## Task goal
What you return must be the full listing, word for word, with no images in it.

## Data shown
+---+
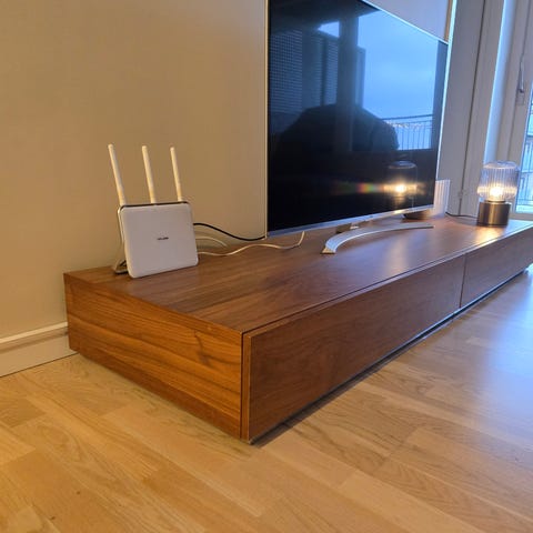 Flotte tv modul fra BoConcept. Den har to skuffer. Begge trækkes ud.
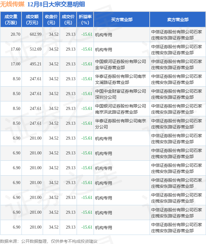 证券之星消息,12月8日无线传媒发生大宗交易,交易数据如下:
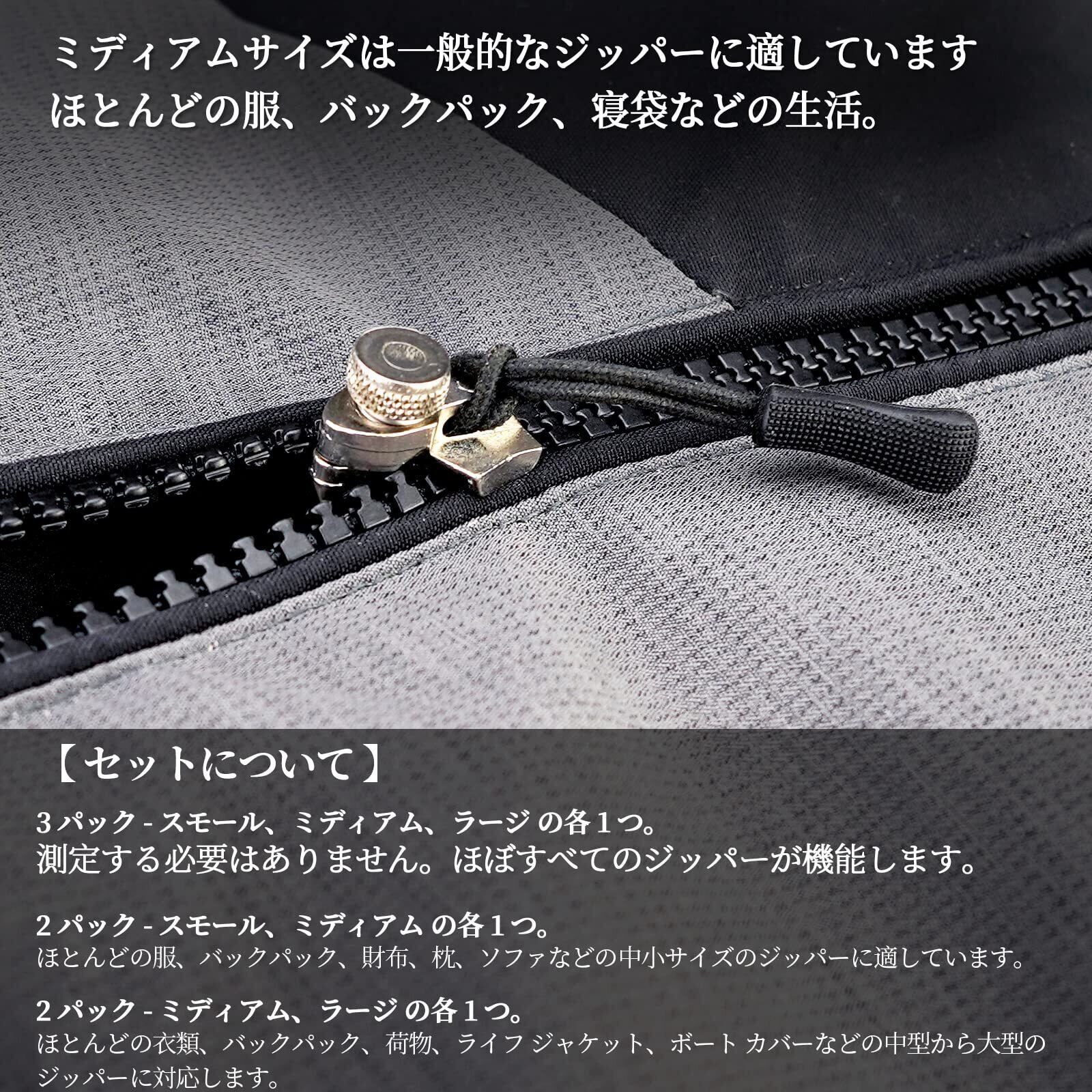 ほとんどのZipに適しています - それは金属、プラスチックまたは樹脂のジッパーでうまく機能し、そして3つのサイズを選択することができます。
+---+
## Response
 Flotte tv modul fra BoConcept. Den har to skuffer. Begge trækkes ud.
 证券之星消息,12月8日无线传媒发生大宗交易,交易数据如下:
 ほとんどのZipに適しています - それは金属、プラスチックまたは樹脂のジッパーでうまく機能し、そして3つのサイズを選択することができます。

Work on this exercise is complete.